*EXERCISE BRIEF*:
In the records below, the line with "[SG Seller] Lunch" and every line after it must be written out exactly; no pictures belong in the result.

--- START ---

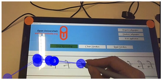 The application “calligraphy trainer” for handwriting practice was built to support deliberate practice in novice calligraphy learners. It was built using the “Instructional design for Augmented Reality” (ID4AR) framework from Limbu et al. [], which uses multi-modal data from experts to provide guidance and feedback. The application is designed to complement and support the expert rather than replace him/her. It uses various sensors to record an expert’s performance, which can be used for practice. This allows experts to rapidly create learning content and spend less time on guiding and providing feedback.
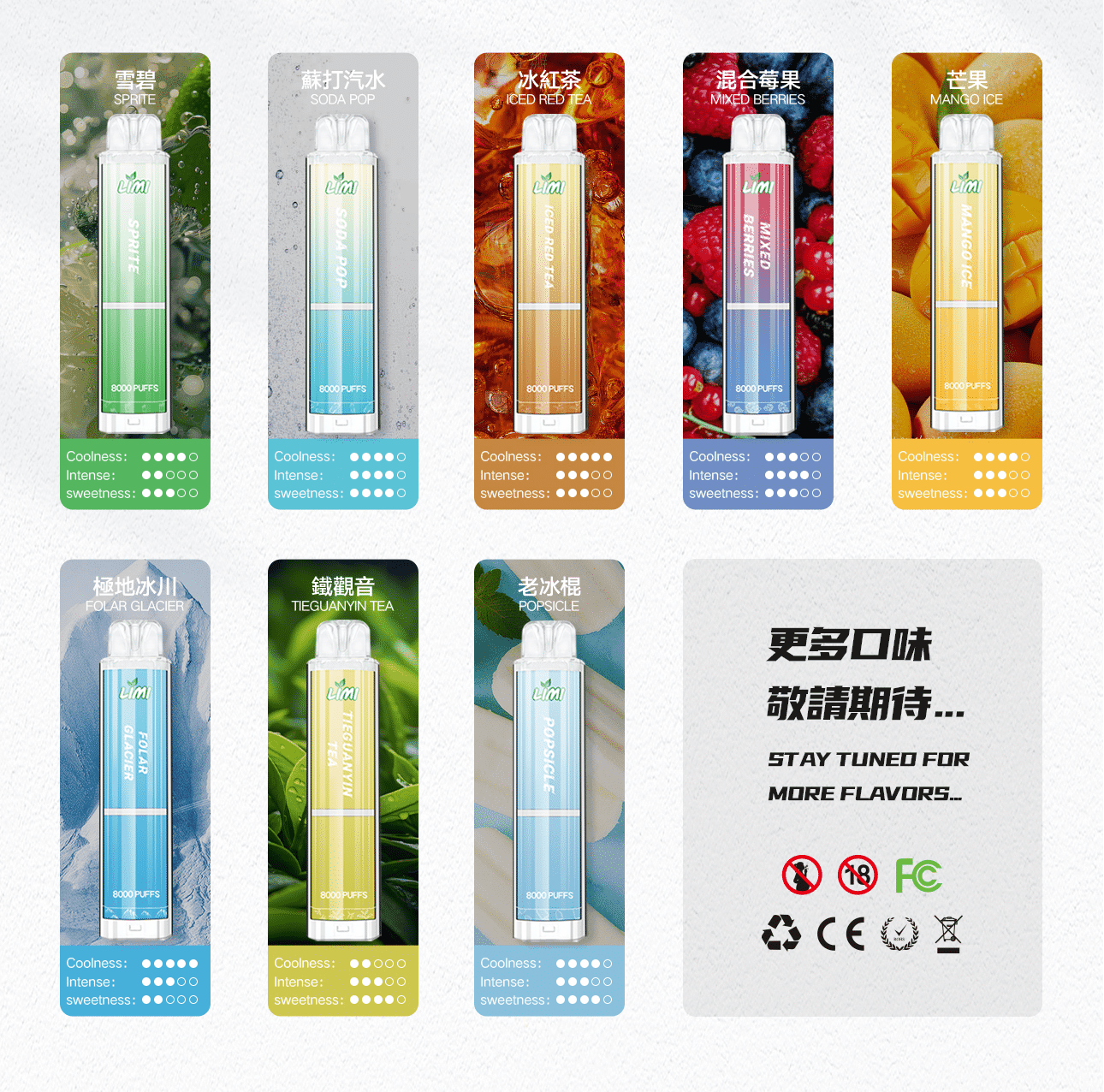 薄荷 ,哈密瓜 ,芒果 ,西瓜 ,芭樂 ,葡萄 ,雪碧 ,山竹荔枝 ,蘇打汽水 ,蜜桃 ,百香果 ,冰红茶 ,混合莓果 ,極地冰川 ,鐵觀 ,老冰棍 |
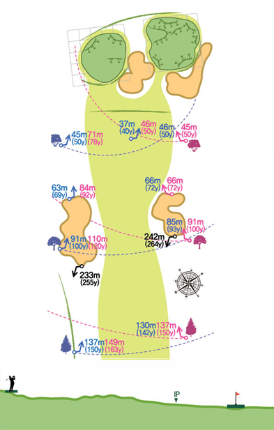 짧은 미들홀로서 서비스 홀이다. 좌우측에 OB 가 있는데 우측 OB를 주의해야 한다. 블라인드홀로서 시각의 오차가 심하고 생각보다 거리가 짧은 홀인 탓에 반 클럽 더 짧게 잡고 공략해야 한다. 슬라이스가 나면 OB 낼 확률이 크기 때문에 티 중앙에서 좌측 벙커를 보고 공략하는 것이 좋다.
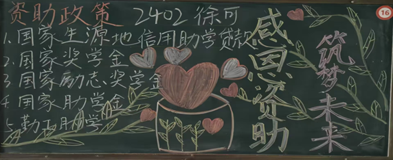 横竖撇捺,勾勒希望,字里行间,情暖人心。为全面普及国家资助政策知识,助力莘莘学子无忧逐梦,公司举办“资助政策绘蓝图 知识传递引航程"板书评选活动,经过对版面设计、板报内容、色彩运用、撰写方式等方面的综合考虑,2024-2025学年第五期国家资助政策宣传特别版评选结果如下:
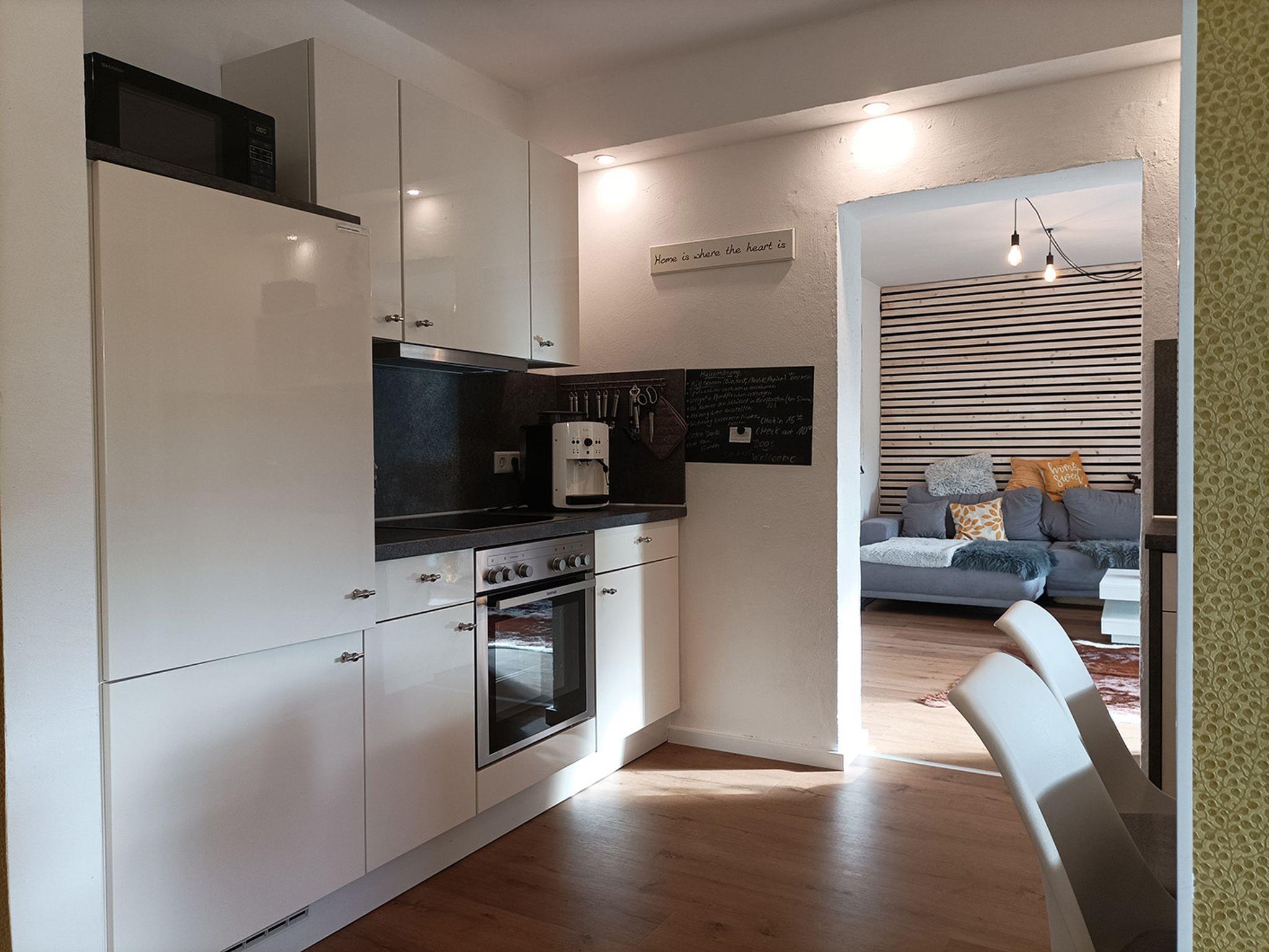 - eine voll ausgestattete Küchenzeile mit allem, was Sie brauchen: Kühlschrank, Mikrowelle, Spülmaschine, Backofen, Mixer, Toaster, Kaffeevollautomat und Cerankochfeld.
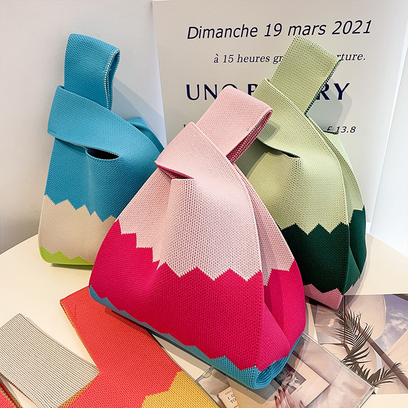 [SG Seller] Lunch Bag Candy Color Knit Tote Bag Women Handbags Cute Shopping Reusable Sling Bag Mother Day
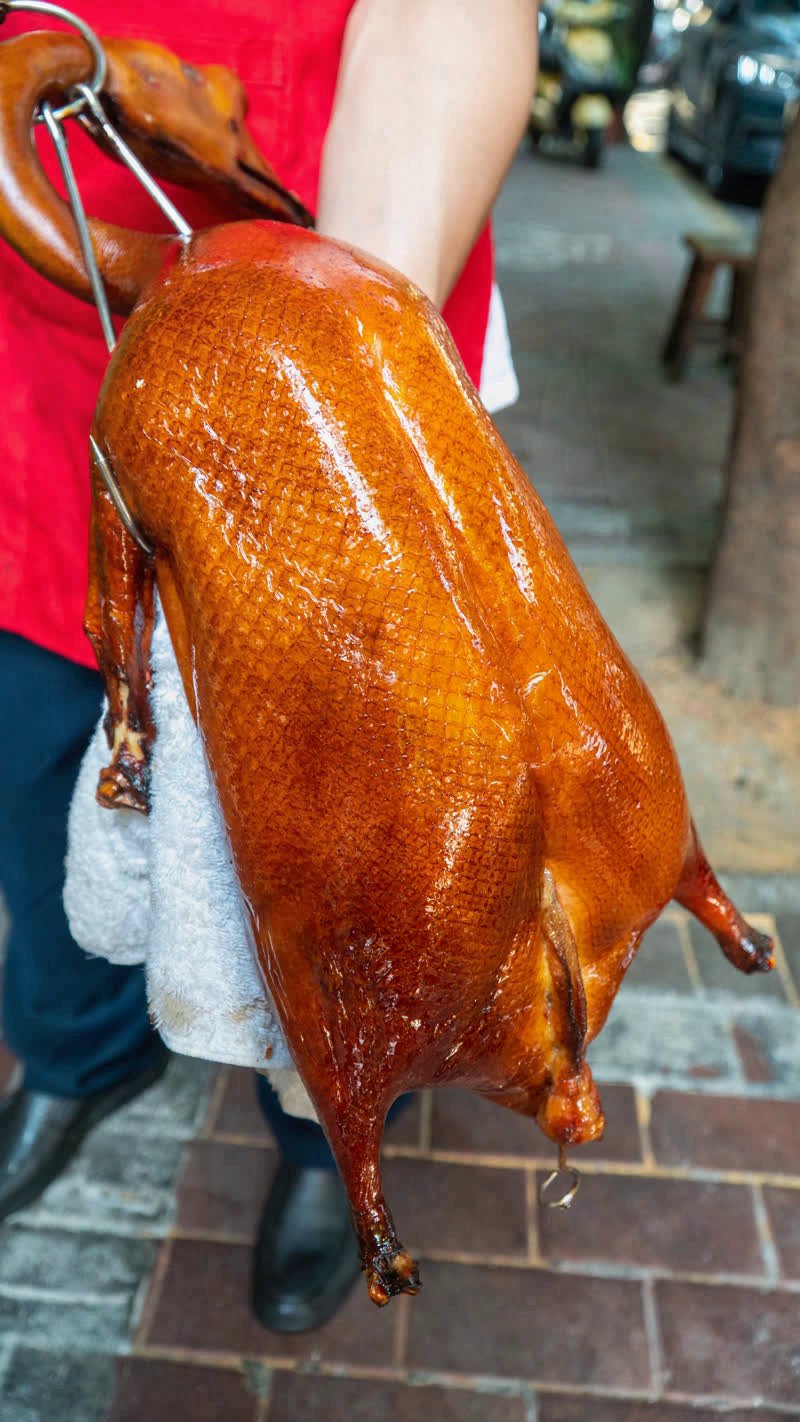 其实去油有高招——高温炙烤就是烧鹅界的"瘦身仪",能把肥油逼得原形毕露。经过这番"魔鬼训练",烧鹅立马从油腻大叔变身清爽小生,连皮带肉都透着股利落劲儿。
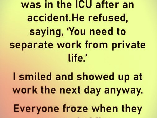 I had done it all from the hospital, between updates from nurses, while staying by my son’s side. Then I calmly said, “You asked me to separate work and personal life, so I did. My son needed me there. The work still got done.”
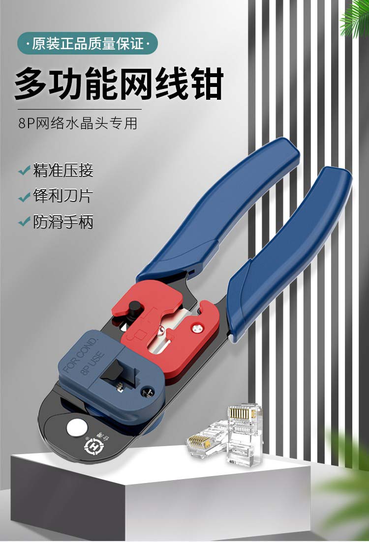 三堡(SMT)网线钳网线钳子工具套装剥线剪线压线多功能压接钳中国台湾进口网钳HT-L2180+长刀片1片+水晶头20颗
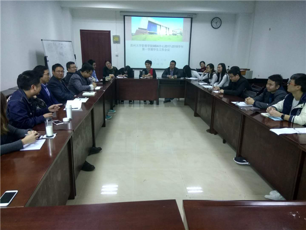 2017年10月20日贵州大学管理学生干部会议在MBA中心202教室成功举行,参加会议的有管理学院副院长周莉莉、MBA中心全体老师以及2016级和2017级MBA学生干部班委。

--- END ---

*EXERCISE RESULT*:
 [SG Seller] Lunch Bag Candy Color Knit Tote Bag Women Handbags Cute Shopping Reusable Sling Bag Mother Day
 其实去油有高招——高温炙烤就是烧鹅界的"瘦身仪",能把肥油逼得原形毕露。经过这番"魔鬼训练",烧鹅立马从油腻大叔变身清爽小生,连皮带肉都透着股利落劲儿。
 I had done it all from the hospital, between updates from nurses, while staying by my son’s side. Then I calmly said, “You asked me to separate work and personal life, so I did. My son needed me there. The work still got done.”
 三堡(SMT)网线钳网线钳子工具套装剥线剪线压线多功能压接钳中国台湾进口网钳HT-L2180+长刀片1片+水晶头20颗
 2017年10月20日贵州大学管理学生干部会议在MBA中心202教室成功举行,参加会议的有管理学院副院长周莉莉、MBA中心全体老师以及2016级和2017级MBA学生干部班委。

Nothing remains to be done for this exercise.